# EXERCISE DATA
------------------------------
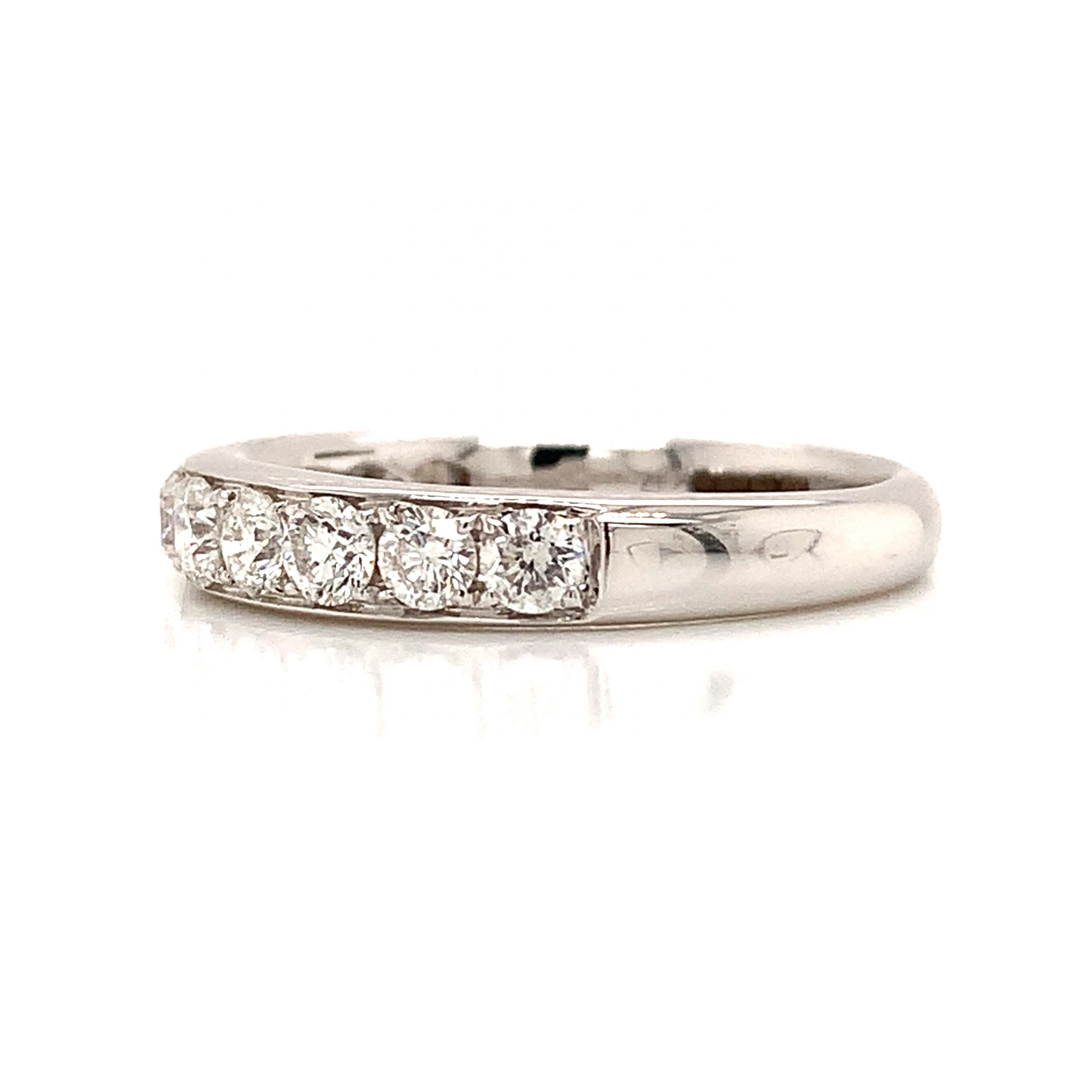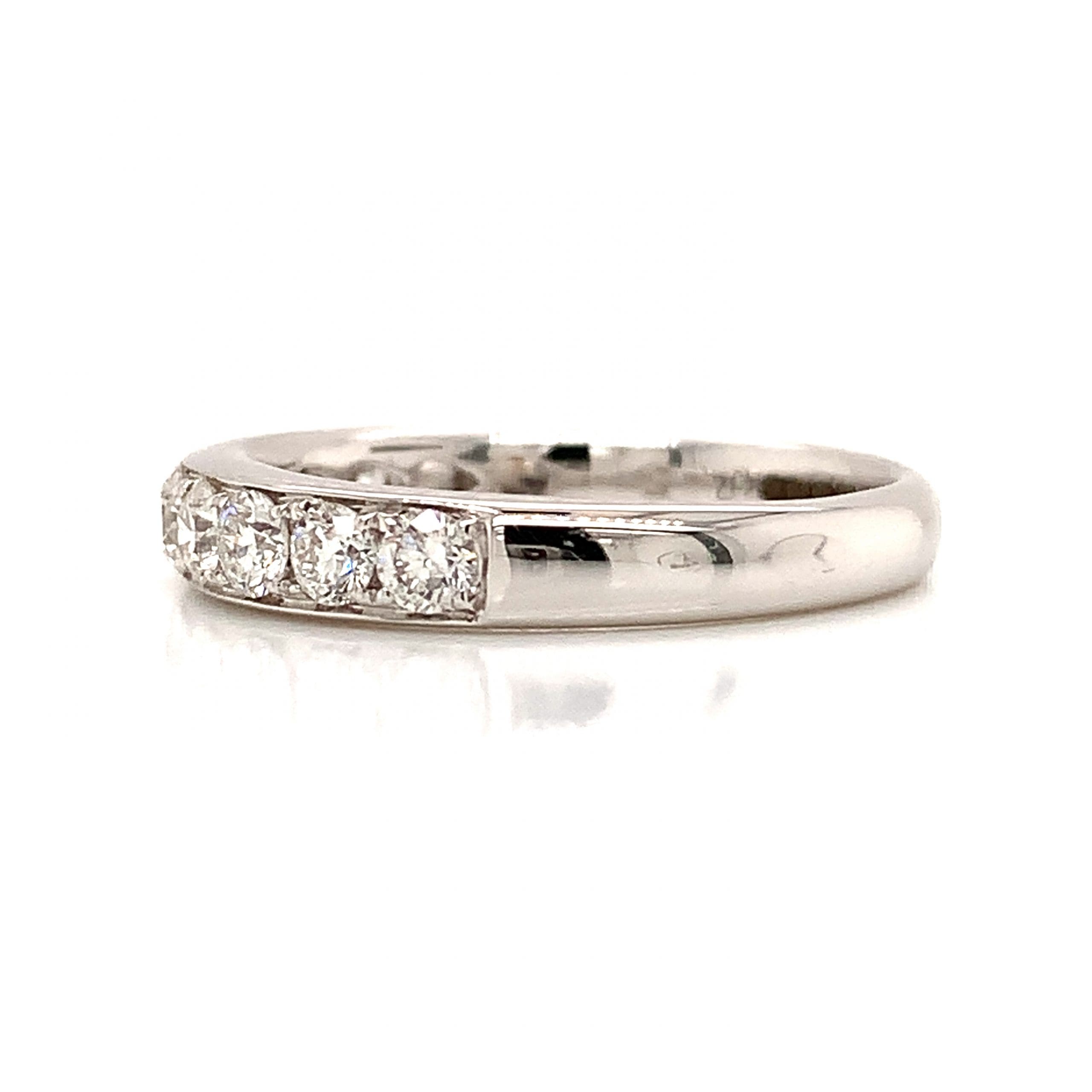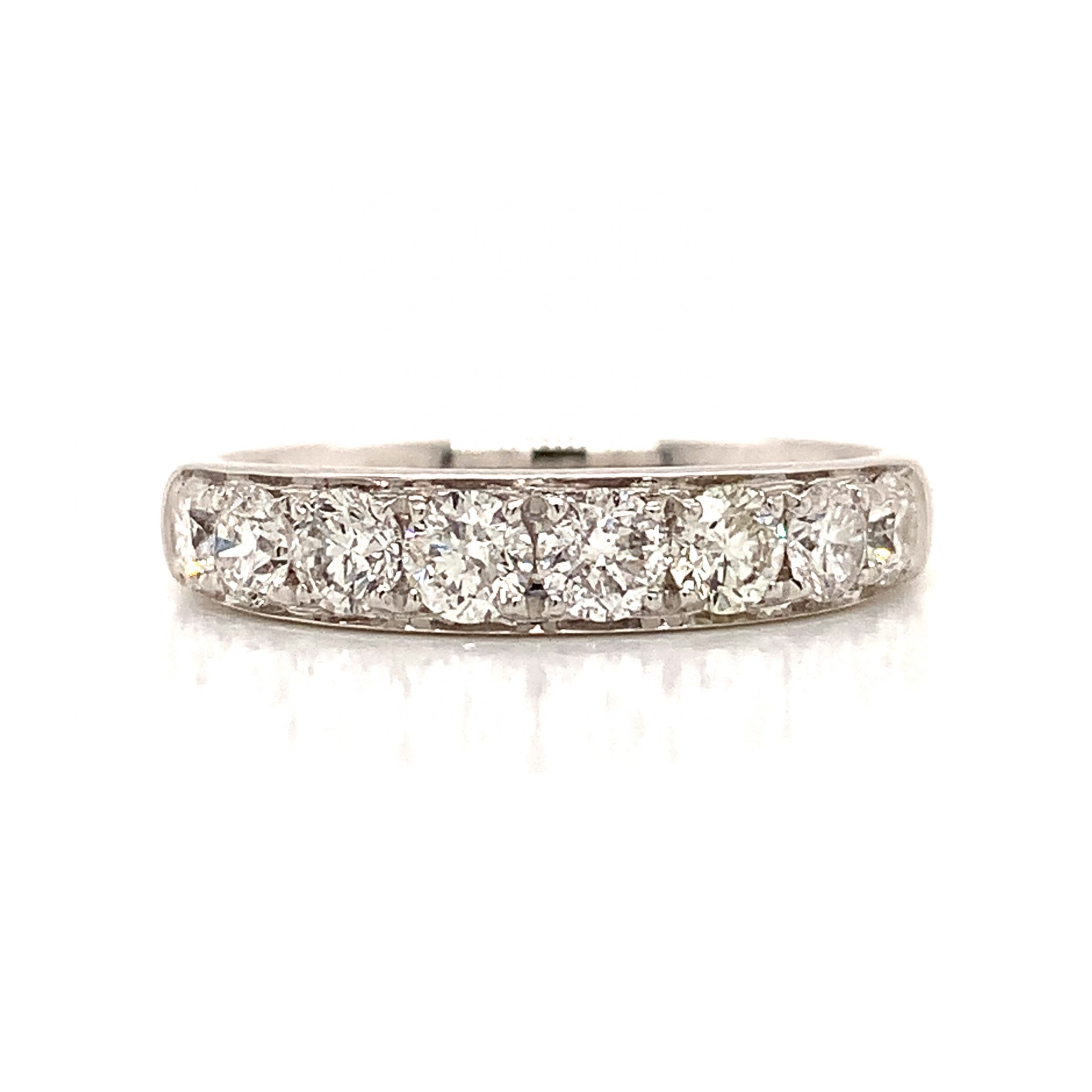 A gorgeous eternity ring comprising a row of nine brilliant cut diamonds, grain set in a smooth rounded white gold ring.
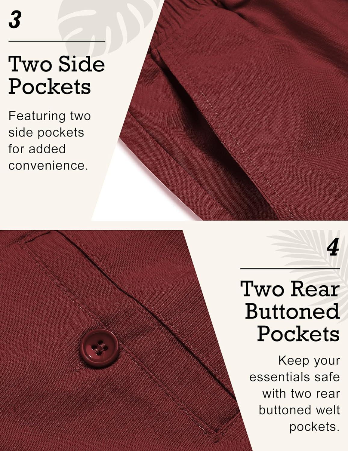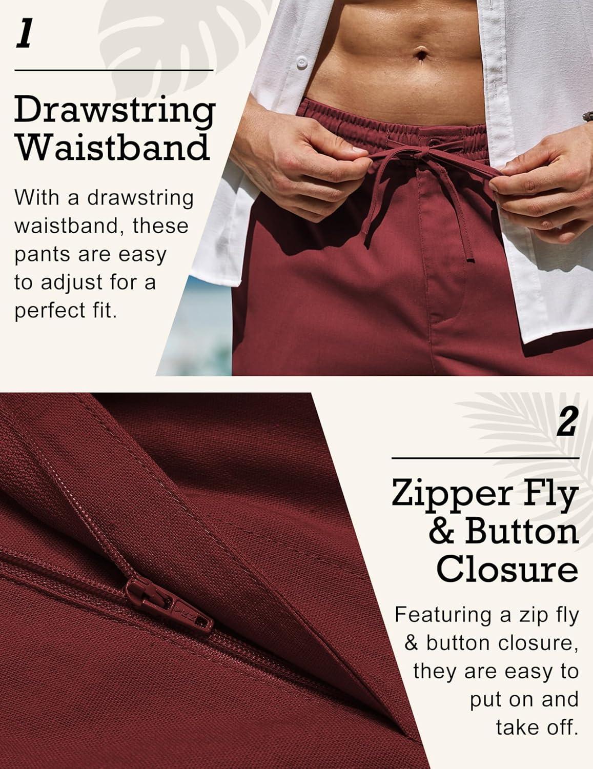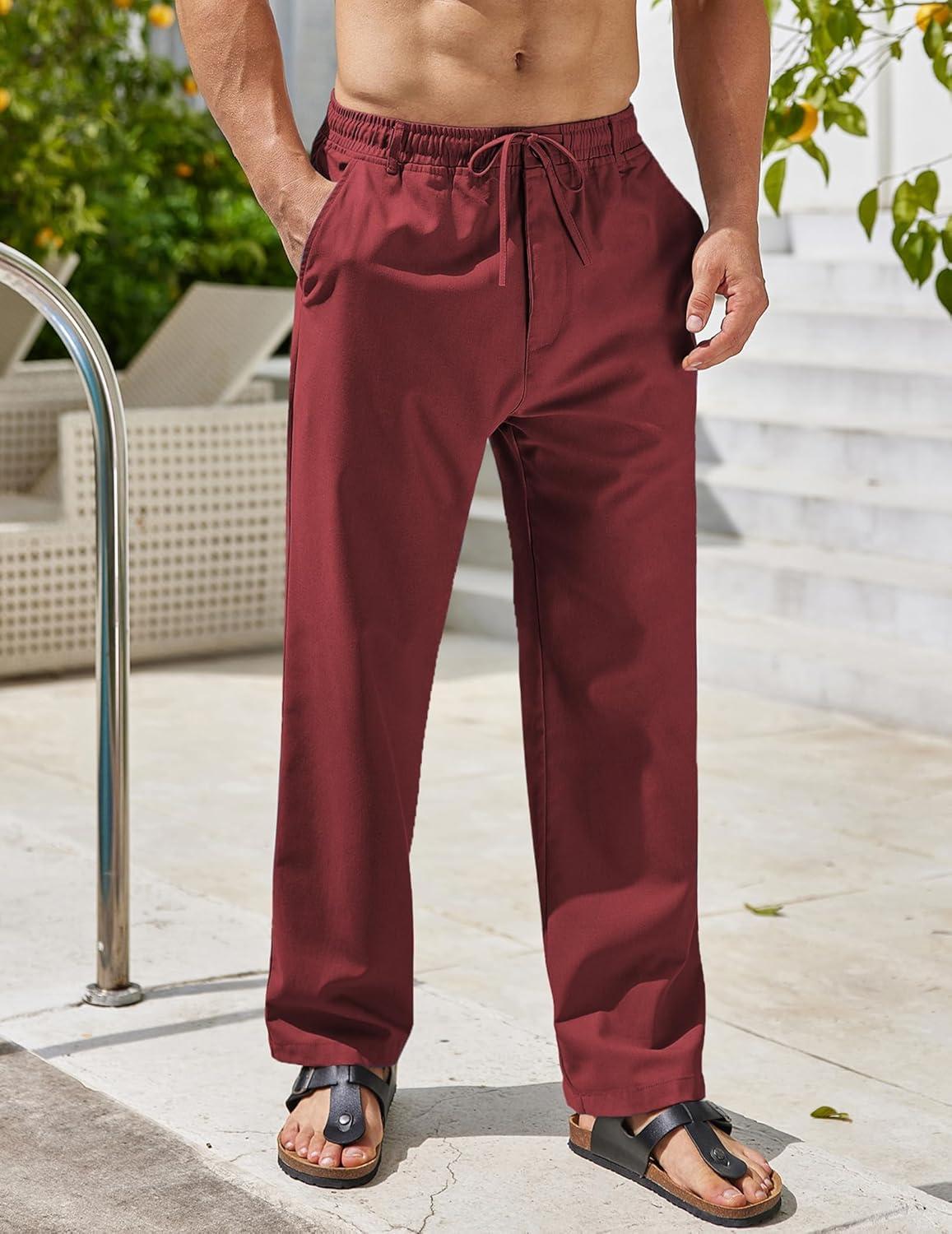 COOFANDY Men’s Linen Pants Casual Beach Summer Pant Elastic Waist Drawstring Lightweight Trousers(Wine Red)
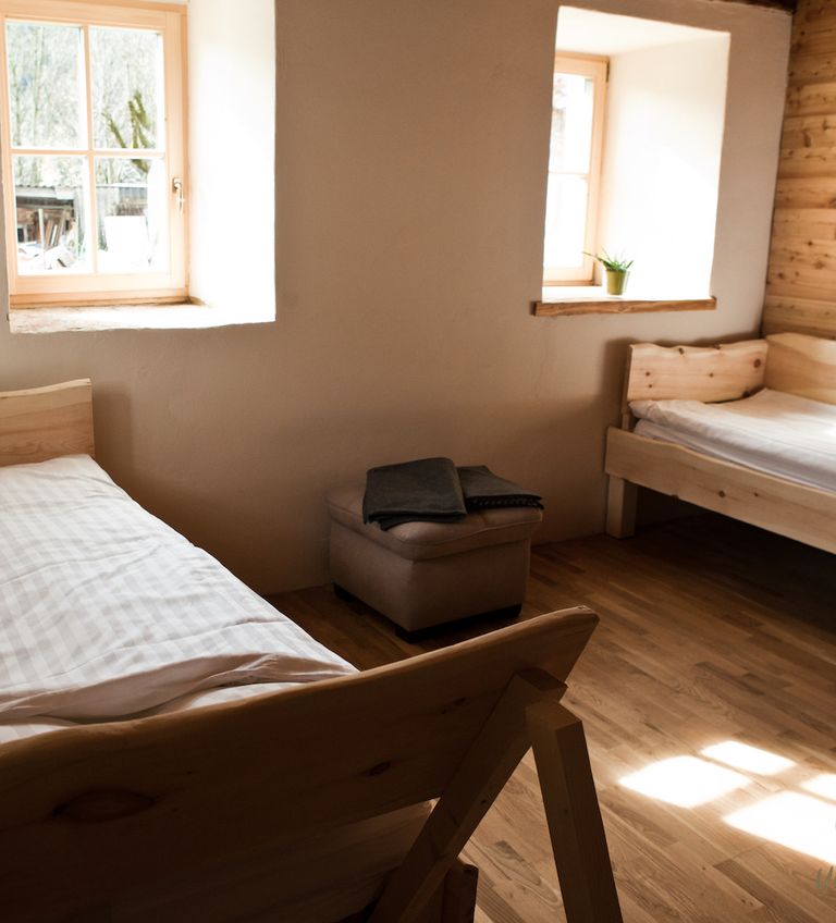 Package im Vierbett-Zimmer pro Person mit Bad (du teilst dir ein Zimmer + Bad mit drei Personen) In den Zimmern sind 4 separate Betten vorhanden. ZIMMEREINBLICK
------------------------------
# ABOUT THIS EXERCISE
Since the pictures are not wanted, repeat only the rest of the material, exactly as given.

# RESPONSE
 A gorgeous eternity ring comprising a row of nine brilliant cut diamonds, grain set in a smooth rounded white gold ring.
 COOFANDY Men’s Linen Pants Casual Beach Summer Pant Elastic Waist Drawstring Lightweight Trousers(Wine Red)
 Package im Vierbett-Zimmer pro Person mit Bad (du teilst dir ein Zimmer + Bad mit drei Personen) In den Zimmern sind 4 separate Betten vorhanden. ZIMMEREINBLICK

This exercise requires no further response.